Best: 0.7893166422843934 using {'optimizer': 'RMSprop'}
Means: 0.7348248481750488, Stdev: 0.011299655878343624 with: {'optimizer': 'SGD'}
Means: 0.7893166422843934, Stdev: 0.014089292449175497 with: {'optimizer': 'RMSprop'}
Means: 0.784165358543396, Stdev: 0.00972925385076679 with: {'optimizer': 'Adagrad'}
Means: 0.7300333619117737, Stdev: 0.013374783588156563 with: {'optimizer': 'Adadelta'}
Means: 0.7552377343177795, Stdev: 0.013983304669407372 with: {'optimizer': 'Adam'}
Means: 0.7520410537719726, Stdev: 0.020348469786460734 with: {'optimizer': 'Adamax'}
Means: 0.7598482966423035, Stdev: 0.03155538913317772 with: {'optimizer': 'Nadam'}


#### Model 4

In [54]:
# fix random seed for reproducibility
seed = 7
np.random.seed(seed)

# Function to create model, required for KerasClassifier
def create_model(activation = 'relu'):
    model = Sequential()
    model.add(Dense(64, activation = activation, input_shape=(inputs,)))
    model.add(Dense(32, activation = activation))
    model.add(Dropout(rate=0.2))
    model.add(Dense(1, activation='sigmoid'))  
    
    #Compile model
    model.compile(loss = "binary_crossentropy", optimizer = 'RMSprop', metrics=['accuracy'])
    return model

# create model
model = KerasClassifier(build_fn=create_model, epochs=75, batch_size=20, verbose=0) 

# define the grid search parameters
activation = ['softmax', 'softplus', 'softsign', 'relu', 'tanh', 'sigmoid', 'hard_sigmoid', 'linear']
param_grid = dict(activation=activation)

# Create Grid Search
grid = GridSearchCV(estimator=model, param_grid=param_grid, n_jobs=1)
grid_result = grid.fit(X_train, y_train)

# Report Results
print(f"Best: {grid_result.best_score_} using {grid_result.best_params_}")
search = grid_result.best_params_
means = grid_result.cv_results_['mean_test_score']
stds = grid_result.cv_results_['std_test_score']
params = grid_result.cv_results_['params']
for mean, stdev, param in zip(means, stds, params):
    print(f"Means: {mean}, Stdev: {stdev} with: {param}") 

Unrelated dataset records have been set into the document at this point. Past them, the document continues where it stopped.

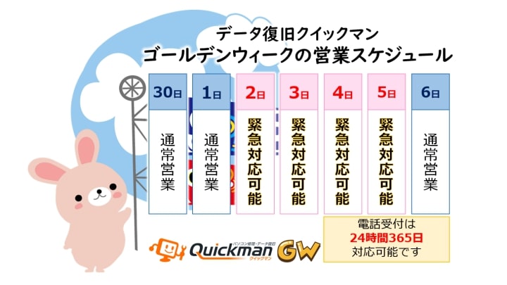 いつもですと故障やミスが原因で、アクセスできなくなったデータの復旧をクイックマンへご依頼頂いておりますが、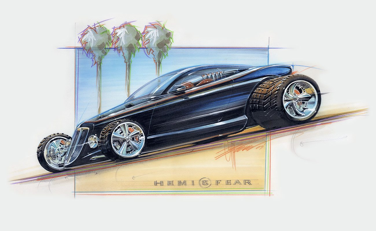 “I looked at ’Cudas and Challengers, the cars that we all know and love,” remembers Chip. “I did a proposal at home, but I went all the way back to the ’30s.” Tom Gale was the president of design at Chrysler at the time. “We can go back and grab from forms that were fantastic in the past and evolve them into something new,” Chip reasoned with Gale. “Tom Gale just fell in love with it!”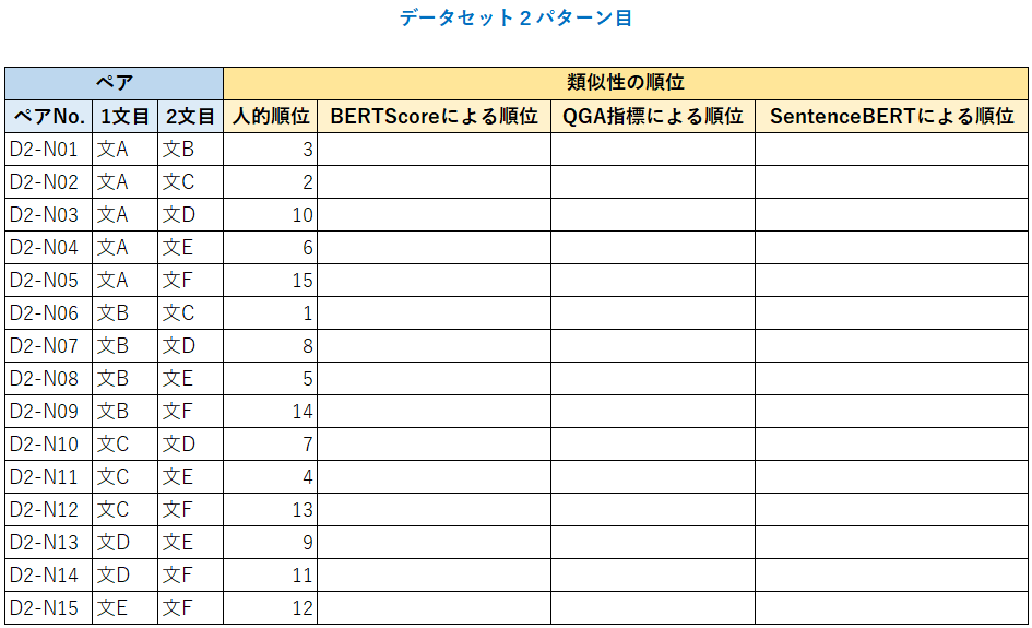 次に、データパターンごとに、文のペアの間での類似性の順位付けをします。別の言い方をすると、類似性の順位リストを作ります。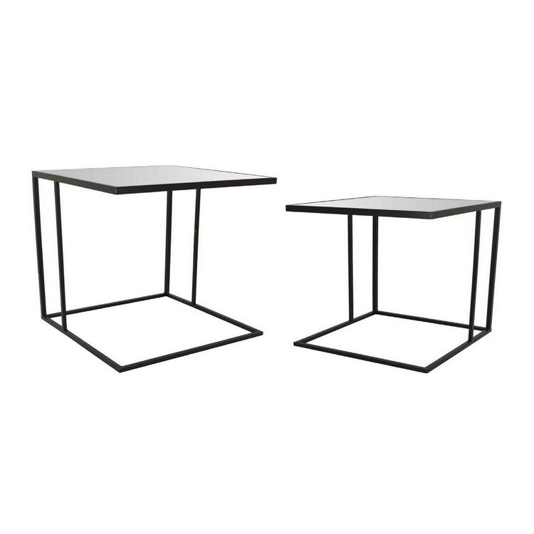 • Benjara Modern Plant Stand Side Table Set of 2, Square Marble Stackable Black Metal image - 1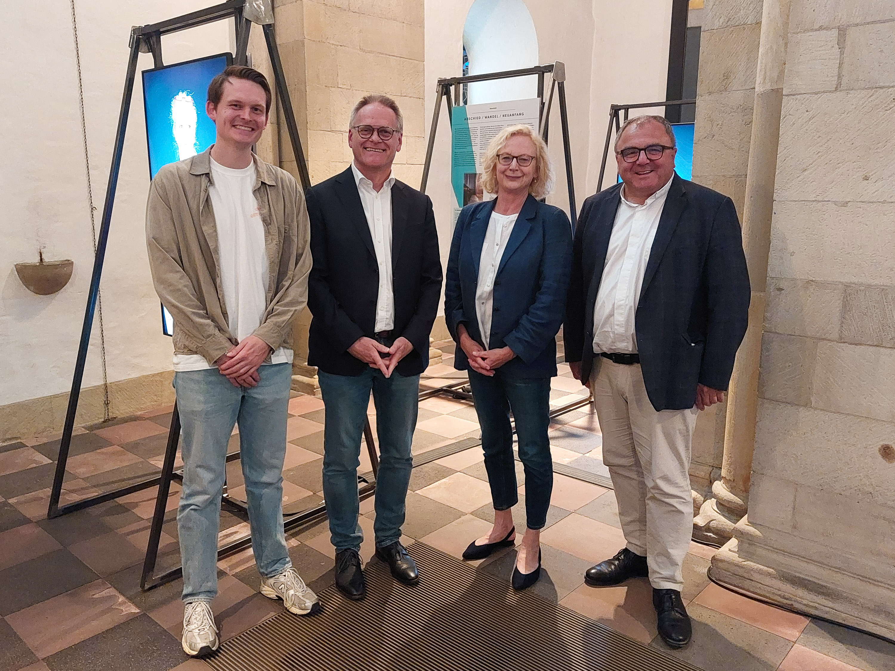 Freuen sich über die Ausstellung in der Ludgerikirche: (von links) Kurator der Ausstellung Felix Hemmers, Verwaltungsleiter Ulrich Fiege, Bürgermeisterin Maria Winkel, Pfarrer Hans-Bernd Köppen.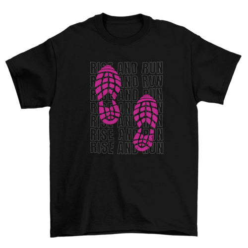 Awesome t-shirt design featuring shoe prints on the floor over the quote "Rise and run".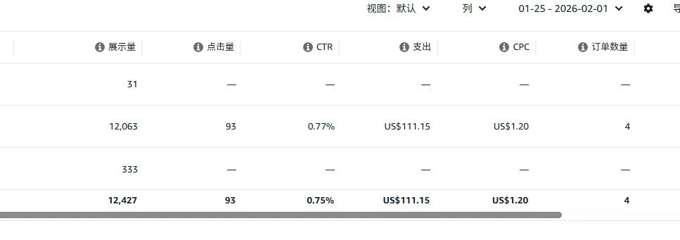 最后是点击率达标但转化率低迷(如下图所示情况)。这里个人觉得需要优化链接的附图和A+页面,附图需要强化核心卖点、使用场景和功能展示,A + 页面则要补充更详细的产品细节、信任背书和差异化优势,以此打消买家下单顾虑,吸引用户产生购买欲望。当然也存在主图足够吸睛,但是产品确实无法满足用户的情况这个属于产品范畴在分析listing是否需要优化的前提下,此部分应该另行分析

Best: 0.7839880466461182 using {'activation': 'softsign'}
Means: 0.696493637561798, Stdev: 0.09437899483369952 with: {'activation': 'softmax'}
Means: 0.7731631755828857, Stdev: 0.02304453866013961 with: {'activation': 'softplus'}
Means: 0.7839880466461182, Stdev: 0.013022461774514788 with: {'activation': 'softsign'}
Means: 0.7706777334213257, Stdev: 0.022454343441841586 with: {'activation': 'relu'}
Means: 0.7660635828971862, Stdev: 0.01773752962319886 with: {'activation': 'tanh'}
Means: 0.7593190670013428, Stdev: 0.017661071944078267 with: {'activation': 'sigmoid'}
Means: 0.7671259760856628, Stdev: 0.01984849571658241 with: {'activation': 'hard_sigmoid'}
Means: 0.7797247052192688, Stdev: 0.018782291651571255 with: {'activation': 'linear'}


## Stretch Goals:

- Try to implement Random Search Hyperparameter Tuning on this dataset
- Try to implement Bayesian Optimiation tuning on this dataset using hyperas or hyperopt (if you're brave)
- Practice hyperparameter tuning other datasets that we have looked at. How high can you get MNIST? Above 99%?
- Study for the Sprint Challenge
 - Can you implement both perceptron and MLP models from scratch with forward and backpropagation?
 - Can you implement both perceptron and MLP models in keras and tune their hyperparameters with cross validation?